Mission context
The current server-side tracking system is not working properly and is not optimized. As online acquisition is a real challenge for this customer, it is impossible to continue under these conditions, as the data is not flowing properly either in Matomo or in the various advertising networks. The aim of this mission is therefore to correct the server-side tracking that has been put in place.
Tools involved in data collection
Shopify
GTM Web
Axeptio
GTM Server-Side
Addingwell
Connected platforms
Meta Ads
Pinterest Ads
Tiktok Ads
Snapchat Ads
Google Ads
Matomo Analytics
Data flow diagram
flowchart LR
subgraph Shopify store
W[Addingwell \ndataLayer\n app]
Y[GTM Web]
end
subgraph Addingwell
Z[GA4 Client]
A[GTM Server Side]
B[Google Ads]
C[Meta Ads]
D[Pinterest Ads]
E[Tiktok Ads]
F[Snapchat Ads]
G[Matomo]
end
W-->Y
Y-->Z
Z-->A
A-->B
A-->C
A-->D
A-->E
A-->F
A-->G
The Shopify challenge
On a Shopify (or Shopify+) store, the checkout and thank-you pages are in a sandbox. This is a specific environment that doesn’t allow cookies to be sent correctly. If nothing is done to remedy this, there will be many problems with data quality in all our tools.
flowchart LR
subgraph Shopify store
subgraph Sandboxed JavaScript environment
D[Checkout page]
E[Thank you page]
F[Order status page]
D-->E
E-->F
end
end
Addingwell’s Cookie Restore feature restores cookies even in the sandbox.
Results
Meta
Improved number of events
Differences between browser and server requests over the last 28 days.
+9% on purchase events.

+4.7% on payment initiation events (begin_checkout)

+9.8% on page view events (page_view)

Purchase event quality score

=> 7.9/10
This quality score largely represents the user data (email, phone number, etc.) sent to Meta. A good score is between 7 and 10 for the purchase event.
Catalog match rate
=> 100%
Matching products with the Meta catalog ensures optimal distribution of Meta Advantage+ ads.

Google Ads
Enhanced conversions

Merchant Center match rates

Snapchat
Improved number of events
Differences between browser and server requests over the last 28 days.
+4.9% on purchase events.

+5.8% on payment initiation events (begin_checkout)

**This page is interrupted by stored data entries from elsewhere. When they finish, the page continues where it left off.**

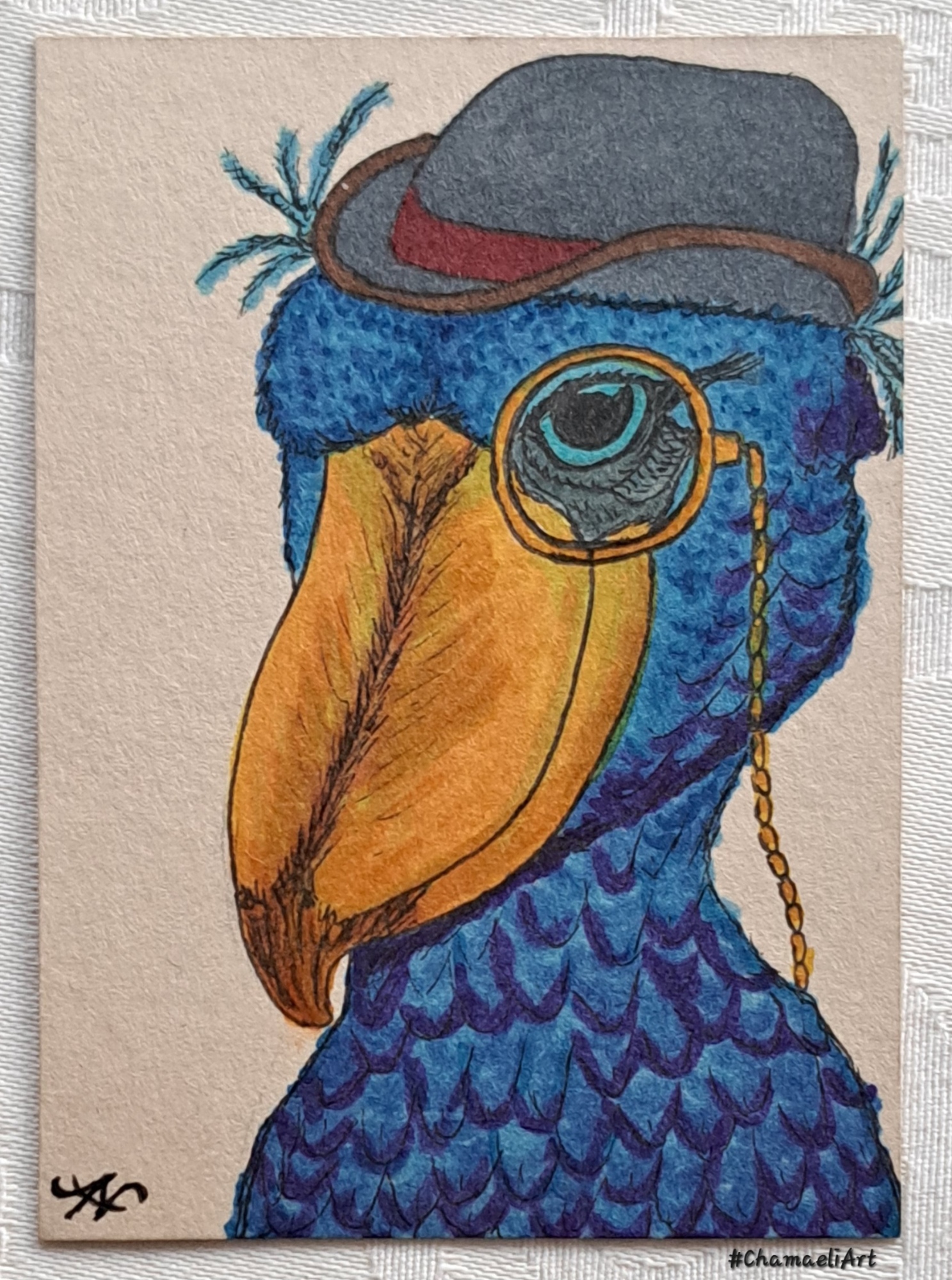 #AnimalMarch Schuhschnabel (nachgereicht) Dieser gediegene Herr Schuhschnabel wollte unbedingt noch aufs Papier. #ChamaeliArt #ATC #kleineKunstklasse #wattiskunst
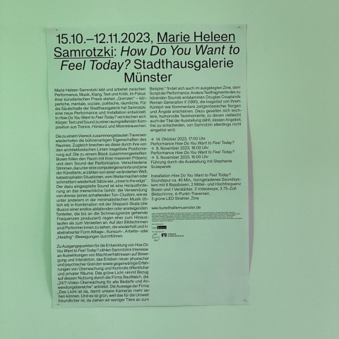 15.10-12.11. Marie Heleen Samrotzki.How Do You Want to Feel Today? Stadthausgalerie.
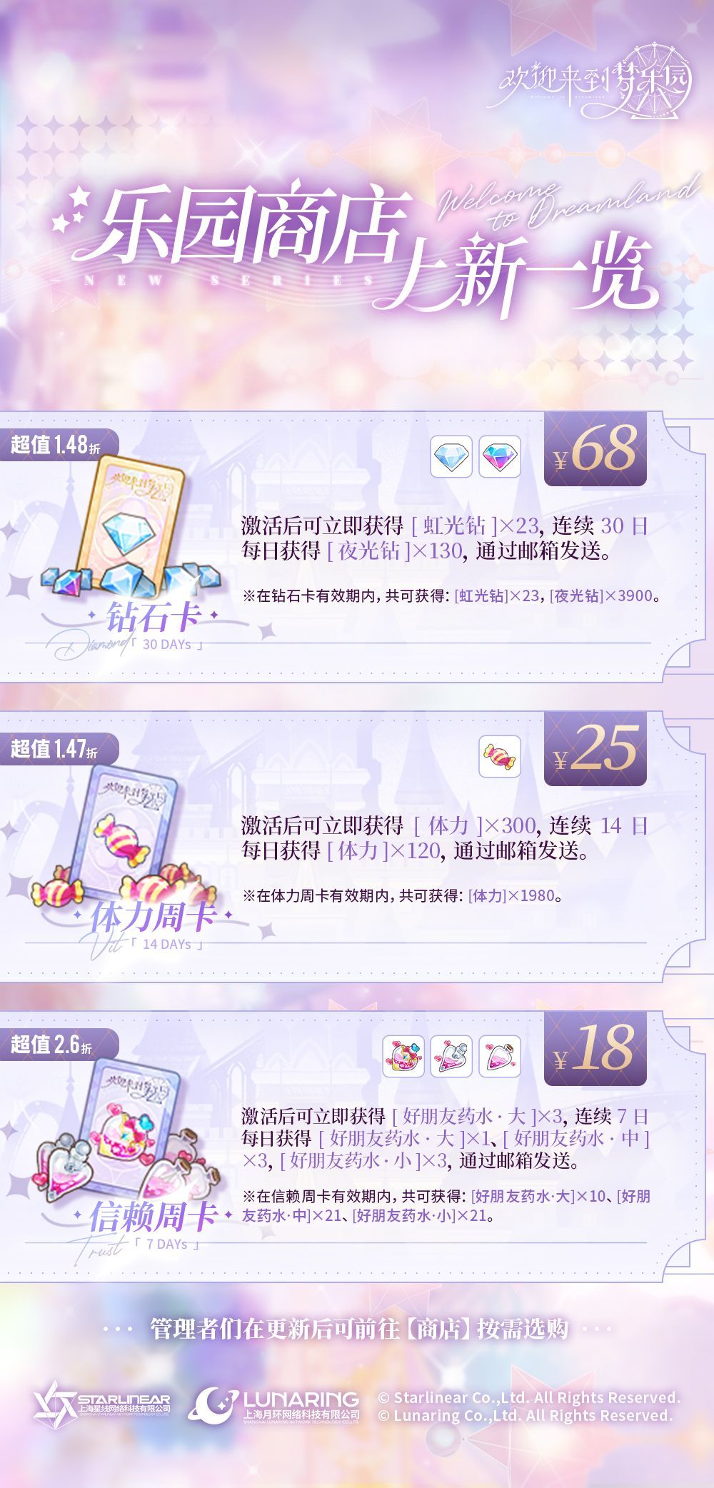 【乐园商店上新一览】 ⭐上新时间:9月27日维护后永久上架 ⭐上新内容: ◆钻石卡:售价¥68,激活后可立即获得[虹光钻]x23,连续30日每日获得[夜光钻]x130,通过邮箱发送。 在钻石卡有效期内,共可获得:[虹光钻]x23,[夜光钻]x3900。 ◆体力周卡:售价¥25,激活后可立即获得[体力]x300,连续14日每日获得[体力]x120,通过邮箱发送。 在体力周卡有效期内,共可获得:[体力
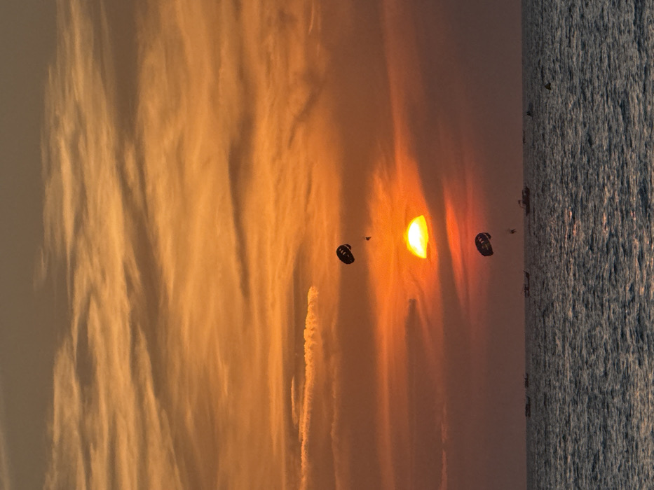 The image displays a sunset scene over the ocean at Cenang Beach, Malaysia. The sky exhibits intense orange, red, and yellow hues, with numerous horizontal, wispy cloud formations. The sun, a bright yellow-orange semicircle, is partially obscured by the horizon line, positioned centrally within the frame. Two individuals are engaged in parasailing; each is suspended beneath a dark, oval-shaped parachute. One parasail and occupant are located above and to the left of the visible sun, while the second parasail and occupant are positioned below the sun. The lower third of the image depicts the ocean, rendered in dark blue-grey tones with visible surface ripples. Multiple boat silhouettes are scattered across the water, with several smaller vessels on the left and a larger, motor-powered boat near the center. A single yellow buoy is present on the far right of the water.
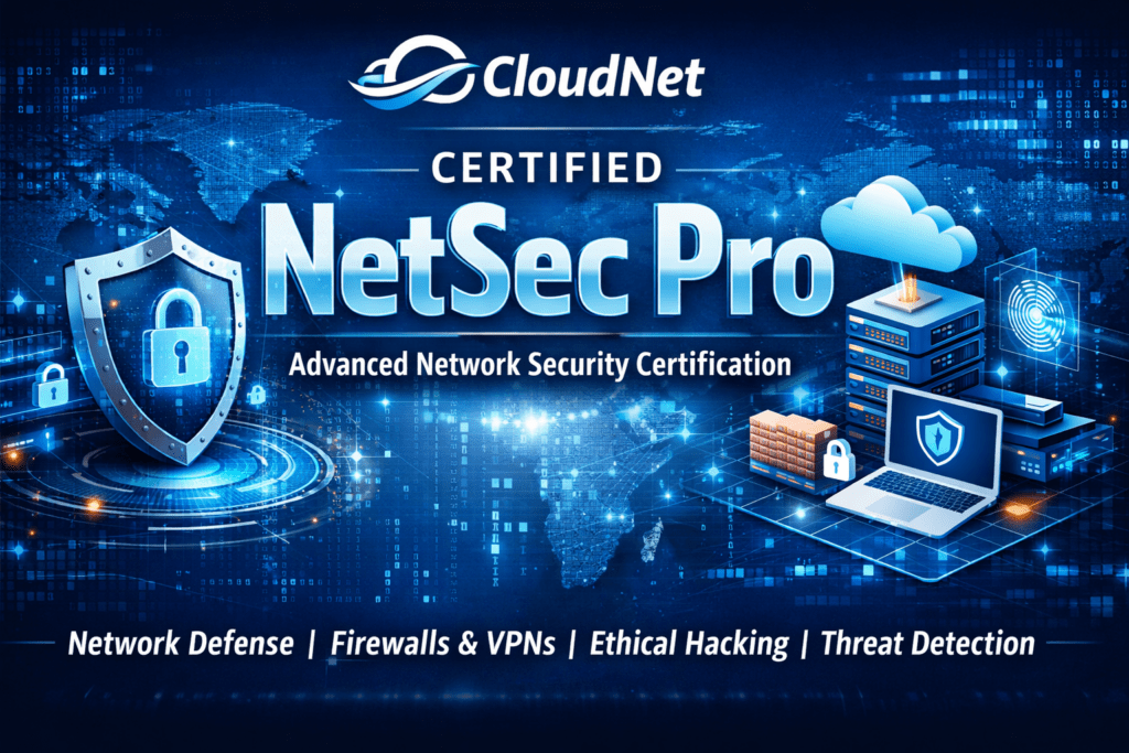 The CloudNet Certified NetSec Pro is a long-term, industry-aligned professional diploma program designed to build strong expertise in Enterprise Networking, Cybersecurity, SOC Operations, Cloud & Hybrid Infrastructure, and Ethical Hacking.

+7% on Page View events (page_view)

Purchase event quality score

Tiktok
Improved number of events
Differences between browser and server requests over the last 28 days.
- +2.6% on purchase events
- +2% on begin_checkout events
- +4.8% on page view events (page_view)
Purchase event quality score
=> 73

Difference between browser vs. server requests over the last 28 days.
+9.5% on purchase events

+7.3% on page view events (page_view)

Addingwell
44% of returning visitors returned after 8 days on Safari (ITP bypass is active)
On a client-side setup, first-party cookies dropped in Safari are limited to 1 day.
On a classic Server-Side setup, first-party cookies are limited to 7 days.

Matomo Analytics
E-commerce reports correctly populated

Abandoned cart feature enabled

Taking a step back
This case study shows you the positive impacts of server-side tracking both in terms of the volume of events obtained in addition to data quality with user data (enhanced conversions, event quality score) and the extension of cookie lifespan (safari ITP bypass).
In this case study, I’m not talking about the overall impact on sales or cost of acquisition, as I feel that tracking (whether client-side or server-side) is only one piece of the puzzle. What’s more, it’s difficult to establish a precise causality between tracking and business performance. As I often say to my customers:
Server-side tracking is the solution that will provide you with the optimum technical conditions to drive advertising performance.